Back in the iceboat’s cockpit and cabin, they could be crowded around the kitchen table of a little apartment anywhere. The two newcomers, heads brushing the ceiling even though they are sitting on stools, cook for them. “No, please, that is why we are here,” Jean-Claude says with a big grin. “I very much like to be cooking the big meals.” Actually they’re coming along to meet with some friends on the other side of the Amazonian Sea, all people Roger has worked with often in the last few years, to initiate some research on the western slope of Olympus—glaciology and ecology, respectively.
After these explanations they listen with the rest as Hans and Frances argue about the crash for a while. Frances thinks it was caused by the rapid brightening of the planet’s albedo when the north sea was pumped out and froze; this the first knock in a whole series of positively reinforcing events leading in a negative direction, an autocatalytic drop into the death spiral of the full crash. Hans thinks it was the fact that the underground permafrost was never really thawed deeper than a few centimeters, so that the resulting extremely thin skin of the life zone looked much more well established than it really was, and was actually very vulnerable to collapse if attacked by mutant bacteria, as Hans believes it was, the mutations spurred by the heavy incoming UV—
“You don’t know that,” Frances says. “You radiate those same organisms in the lab, or even expose them in space labs, and you don’t get the mutations or the collapses we’re seeing on the ground.”
“Interaction with ground chemicals,” Hans says. “Sometimes I think everything is simply getting salted to death.”
Frances shakes her head. “These are different problems, and there’s no sign of synergistic effects when they’re combined. You’re just listing possibilities, Hans, admit it. You’re throwing them out there, but no one knows.
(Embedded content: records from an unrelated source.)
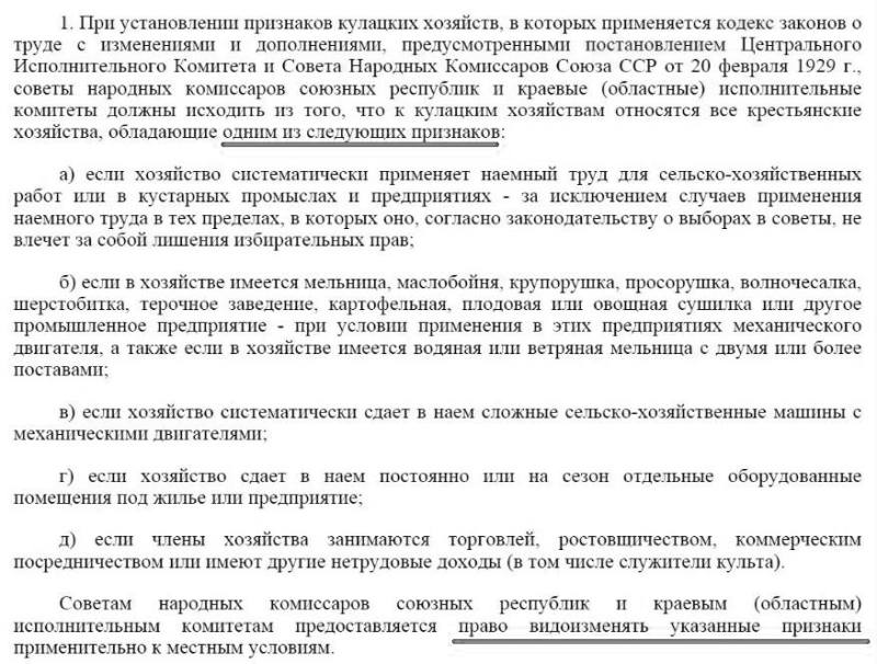 У вас логика вообще не работает. Я вам даю документ 30-х годов про признаки кулацких хозяйств, вы мне про "мироедов" 1887 года. Вы знаете зачем придумали уголовный кодекс? Это правила, по которым живет общество. Эти правила должны опираться на здравый смысл и справедливость, не должно быть фашистский статей. Но в любом случае с уголовным кодексом человек хотя бы знает что ему позволено а что нет, при данной власти. Кулаков репрессировали вне закона.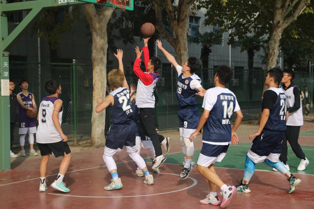 怀着坚定的信念,队员们沉着冷静,稳扎稳打,抢下一个又一个篮板,熟练的传球与严密的防守赢得了观众们热烈的掌声。比赛过程中,女篮队员刘正涛带球突破对方防线,精准投篮,鼓舞了外院女篮的士气,将比赛推向了高潮。男篮比赛同样热火朝天,队员们你追我赶,争分夺秒,以钢铁般坚固的防守成功抵御对方进攻。27日下午两点,小组赛最后一场比赛正式开始。其中男篮队员潘帅的三分球让队友欢呼,令观众沸腾。轮到我方进攻,队员们犹如长矛一般,势如破竹,精准地将球投入篮筐。面对如此精彩的比赛,观众们的情绪非常高涨,一声声的呐喊,一次次的掌声,展现了外院学子积极昂扬的风采。最终,外院男篮在观众们的欢呼声中赢下了本场比赛。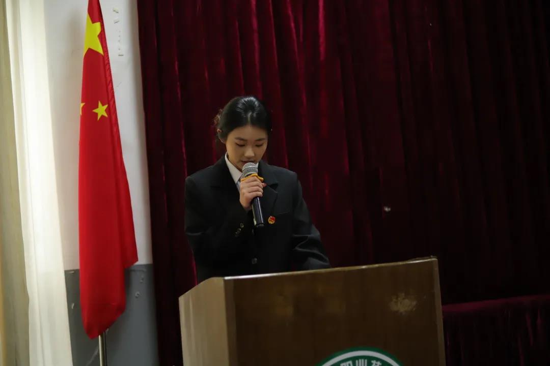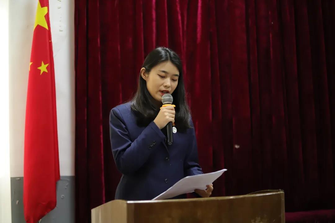 院学生会执行主席、杭州市优秀团员、学生干部代表徐晨阳同学讲到“走进校门的是大学生,培养出来的是职业人”,从大学生到职业人,承载着“厚德载物、自强不息”厚重的底蕴。而作为学生干部的我们,要坚守初心,弘扬育英精神。她鼓励同学们在校期间积极参加学校的各项活动。她说“请记得故事开始的那个地方,心中有信仰,脚下才会有力量”。敢于尝试,在坚守中收获成功,坚信每一个育英人会越努力越幸福,在平凡中的坚守,在坚守中收获成长。相信在做的各位,一定会响应徐晨阳同学的号召,凝心聚力,牢记使命,做中国共产党的后备军,做新时代发展的主力军。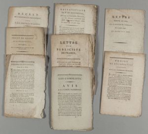 - « Les complots : avis à la Garde Nationale », par H... (Citoyen actif). Cahier imprimé à l'Imprimerie de la Feuille du Jour, rue Mêlée, 8 pages.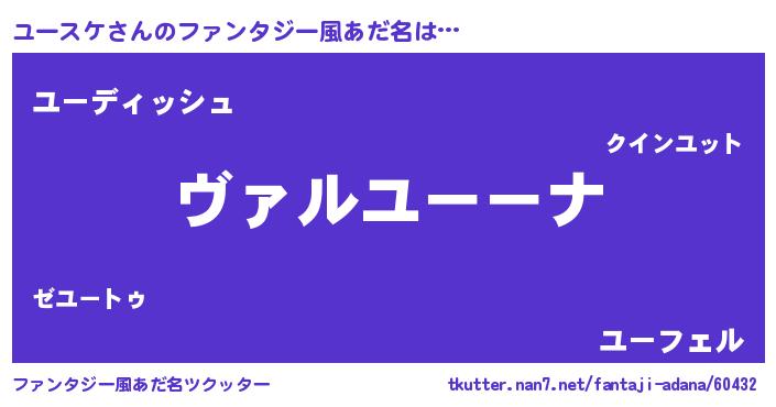 | 女子向けラノベタイトル風あだ名 | 『乙女ゲームの破滅フラグしかない悪役ユースケに転生してしまった…』 |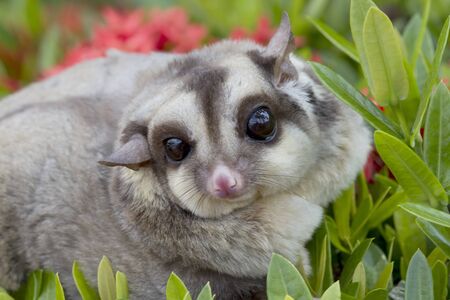 portrait of a cute sugar glider, flying squirrel, natural background, close up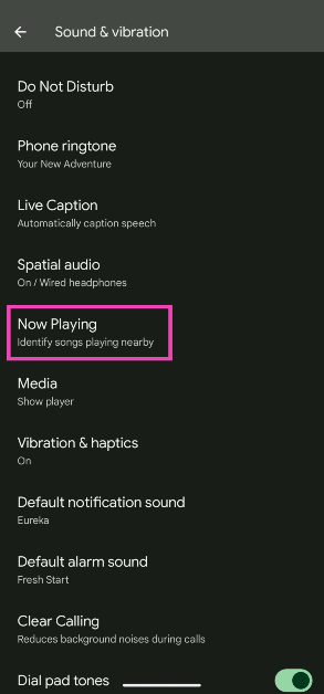 Gå tilInnstillinger>Lyd og vibrasjon> Spiller nåog slå på vippebryteren ved siden av «Identifiser sanger som spilles i nærheten».

The etiology is not understood.”
That is true; Eileen has been working in Burroughs on the problem for ten years, and she knows Frances is right. The truth is that in planetary ecology, as in most other fields, ultimate causes are very hard to discern. Hans now waggles a hand, which is as close as he will come to conceding a point to Frances. “Well, when you have a list of possibilities as long as this one, you don’t have to have synergy among them. Just a simple addition of factors might do it. Everything having its particular effect.”